Le « Cullinan », découvert au début du XXᵉ siècle, est au cœur d’un débat sur l’exploitation des ressources durant la colonisation.
Diamant volé ou simple cadeau offert à la dynastie Windsor ? CNN rapporte que l’Afrique du Sud se déchire depuis le décès de la reine Elizabeth II sur la demande de restitution d’un diamant utilisé dans l’un des attributs royaux : le sceptre. Bien que celui-ci ne soit que très rarement visible, il a été posé sur le cercueil de la souveraine, exposé dans l’abbaye de Westminster. Il est également présent lors des cérémonies de couronnement.
Le diamant au cœur de la controverse a été taillé dans l’une des plus grosses gemmes à avoir été extraite du sol sud-africain, en 1905 : le Cullinan, ou, en anglais, The Great Star of Africa. Or, le diamant a été remis quelques années après sa découverte à la famille royale britannique par les autorités coloniales locales.
Certains Sud-Africains réclament donc aujourd’hui la restitution de la pierre précieuse, au motif d’une acquisition qui ne serait pas légitime. Plus largement, les débats ouverts autour de cette pierre en Afrique du Sud évoquent également d’éventuelles demandes de réparations financières.
« Le diamant doit être rendu à l’Afrique du Sud avec effet immédiat. Les minerais de notre pays et d’autres pays continuent de profiter à la Grande-Bretagne aux dépens de notre peuple », a jugé l’activiste du Congrès national africain (ANC) Thanduxolo Sabelo. Pour autant, la ferveur populaire autour de cette demande est loin d’être là.

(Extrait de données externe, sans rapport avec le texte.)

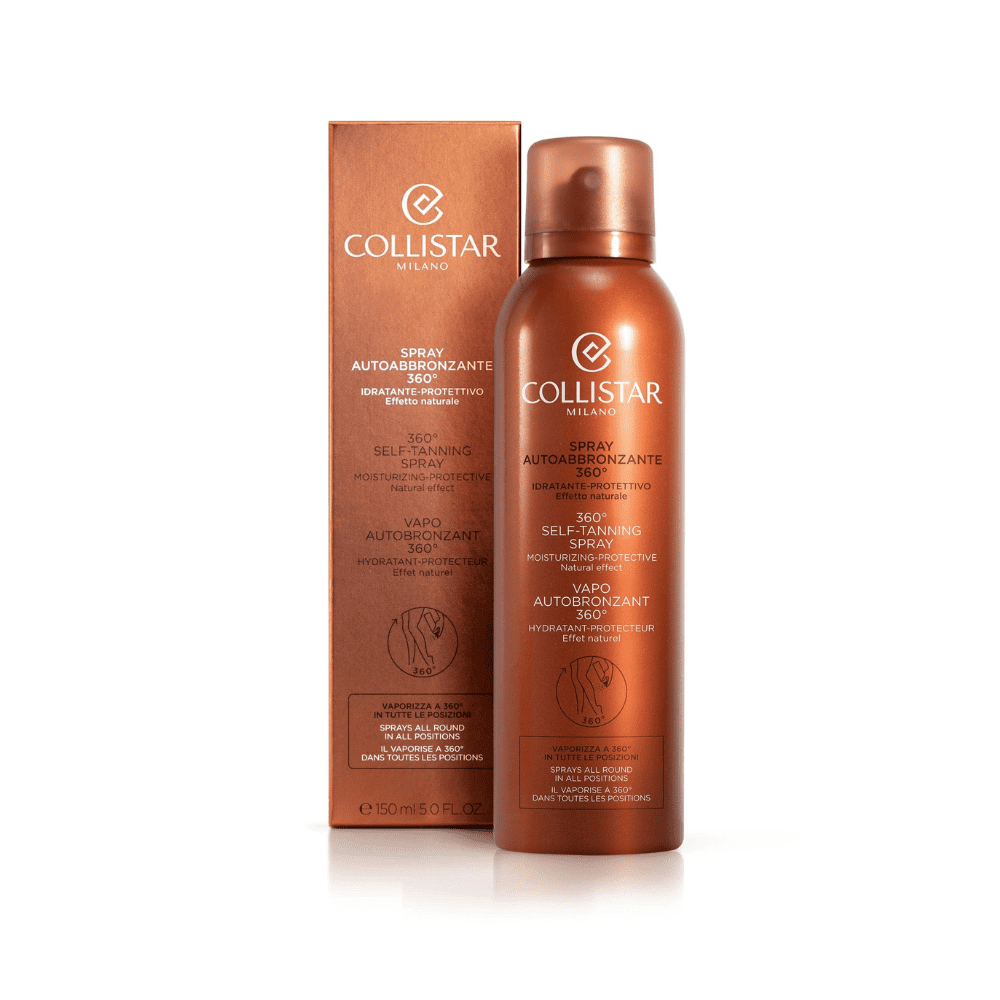 Το Collistar 360° Self-Tanning Spray είναι αυτομαυριστικό spray σώματος ταχείας δράσης που προσφέρει ενυδάτωση και προστασία ενώ ταυτόχρονα χαρίζει τέλειο χρώμα φυσικού μαυρίσματος σε όλο το σώμα. Η αντλία στοχεύει προς όλες τις κατευθύνσεις και επιτρέπει στο προϊόν να εφαρμόζεται ομοιόμορφα ακόμη και στα πιο δυσπρόσιτα σημεία του σώματος. Περιέχει βιταμίνη Ε, ενυδατώνει και προστατεύει το δέρμα. Χάρη στην εξαιρετικά ελαφριά υφή, στεγνώνει αμέσως και είναι ιδανικό για να δώσει χρώμα στα γυμνά πόδια.

Pour l’heure, environ 6 000 personnes ont signé une pétition appelant à la restitution de la pierre précieuse. Néanmoins, un élu s’est fait connaître : Vuyolwethu Zungula, membre du Parlement national. Il a exigé « des réparations pour tout le mal causé par la Grande-Bretagne » et a aussi réclamé « la restitution de tout l’or et des diamants volés par la Grande-Bretagne ».
Calls are growing in South Africa for Britain’s royal family to return the world’s largest known clear-cut diamond in the wake of Queen Elizabeth II’s death.
"Our call is for repatriations for all colonial theft.” https://t.co/rPRqTg2Fpn
— CNN Africa (@CNNAfrica) September 15, 2022
Une transaction légale pour Londres
Du côté de Londres, on assure que la transaction réalisée au début des années 1900 était légale. Le Royal Collection Trust, chargé de veiller sur les gemmes royales, explique que le Cullinan a été présenté au roi de l’époque, Édouard VII, en 1907.
Selon le joaillier néerlandais Royal Asscher, le diamant a été acheté directement par le gouvernement sud-africain, sous domination anglaise, avant d’être offert comme cadeau d’anniversaire au monarque britannique. Or, c’est justement cette gouvernance dont la légitimité est aujourd’hui rejetée par certains habitants du pays.
« Notre position est que l’ensemble des gouvernements […] de l’Union sud-africaine et les syndicats miniers étaient illégaux », a déclaré Everisto Benyera, professeur de politique africaine dans une université du pays. « Recevoir un diamant volé n’exonère pas le destinataire. La Grande Étoile est un diamant de sang. La compagnie (minière) privée, le gouvernement du Transvaal (ancien pays, disparu en 1902) et l’Empire britannique faisaient partie d’un réseau colonial plus vaste. »
Bien que déterminés, les militants ne se font guère d’illusions. « Nous n’appelons pas au retour [du diamant], car cela impliquerait qu’il y avait un accord valide en vertu duquel la famille royale britannique avait le droit d’emprunter le diamant. Il est en leur possession uniquement en raison des ténacités coloniales qui ont étouffé les indigènes de ce pays », a déclaré Leigh-Ann Mathys, porte-parole national des Economic Freedom Fighters (EFF), un parti politique d’opposition sud-africain, à CNN. Pour l’heure, aucune demande officielle n’a été formulée par l’Afrique du Sud à l’endroit de la famille royale britannique.